Point Hood yate
- Conservation status: Priority One — Poorly Known Taxa (DEC)

Scientific classification
- Kingdom: Plantae
- Clade: Tracheophytes
- Clade: Angiosperms
- Clade: Eudicots
- Clade: Rosids
- Order: Myrtales
- Family: Myrtaceae
- Genus: Eucalyptus
- Species: E. retusa
- Binomial name: Eucalyptus retusa D.Nicolle, French & McQuoid

= Eucalyptus retusa =

- Genus: Eucalyptus
- Species: retusa
- Authority: D.Nicolle, French & McQuoid
- Conservation status: P1

Species of eucalyptus

Eucalyptus retusa, commonly known as the Point Hood yate, is a species of mallee that is endemic to a restricted area in Western Australia. It has smooth, greyish bark, glossy green, egg-shaped to spatula-shaped adult leaves, flower buds in clusters of between thirteen and nineteen, yellowish green flowers and fruit with their bases fused together.

==Description==
Eucalyptus retusa is a mallee that typically grows to a height of 0.5-4 m and forms a lignotuber. It has smooth, pale grey bark that is cream-coloured when new. Young plants have egg-shaped to more or less round leaves that are dull green, paler on the lower surface, up to 50 mm long and 40 mm wide. Adult leaves are glossy green, egg-shaped to spatula-shaped, 30-55 mm long and 14-20 mm wide, tapering to the petiole. The flower buds are arranged in leaf axils in clusters of between thirteen and nineteen, the buds joined at the base. The operculum is 40-42 mm long and 4-6 mm wide at the base. The flowers are yellowish green and the fruit are conical, 7-10.5 mm wide and fused at the base, the fused fruit 30 mm in diameter.

==Taxonomy and naming==
Eucalyptus retusa was first formally described in 2008 by Dean Nicolle, Malcolm French and Nathan McQuoid from a specimen collected near Bremer Bay in 2004. The description was published in the journal Nuytsia. The specific epithet (retusa) is from the Latin retusus meaning blunted, rounded, notched at the tip.
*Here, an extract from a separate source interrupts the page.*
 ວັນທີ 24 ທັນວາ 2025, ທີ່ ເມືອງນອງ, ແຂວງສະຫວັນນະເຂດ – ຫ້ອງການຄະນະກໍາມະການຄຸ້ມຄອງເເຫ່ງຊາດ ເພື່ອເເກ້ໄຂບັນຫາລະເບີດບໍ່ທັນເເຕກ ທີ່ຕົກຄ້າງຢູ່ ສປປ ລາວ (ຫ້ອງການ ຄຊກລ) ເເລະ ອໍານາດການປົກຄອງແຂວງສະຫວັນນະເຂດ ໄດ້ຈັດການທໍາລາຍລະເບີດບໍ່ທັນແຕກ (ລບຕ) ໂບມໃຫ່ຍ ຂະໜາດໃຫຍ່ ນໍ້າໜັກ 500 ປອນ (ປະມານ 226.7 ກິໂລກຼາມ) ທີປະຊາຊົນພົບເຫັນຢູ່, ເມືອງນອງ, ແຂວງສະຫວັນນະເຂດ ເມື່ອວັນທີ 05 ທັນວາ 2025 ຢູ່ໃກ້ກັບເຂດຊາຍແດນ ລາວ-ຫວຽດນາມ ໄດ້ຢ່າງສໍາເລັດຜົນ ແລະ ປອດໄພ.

==Distribution and habitat==
The Point Hood yate is only known from a single population at the type location near Bremer Bay where it grows in low scrubland on a rocky headland.

==Conservation status==
This eucalypt is classified as "Priority One" by the Government of Western Australia Department of Parks and Wildlife, meaning that it is known from only one or a few locations which are potentially at risk.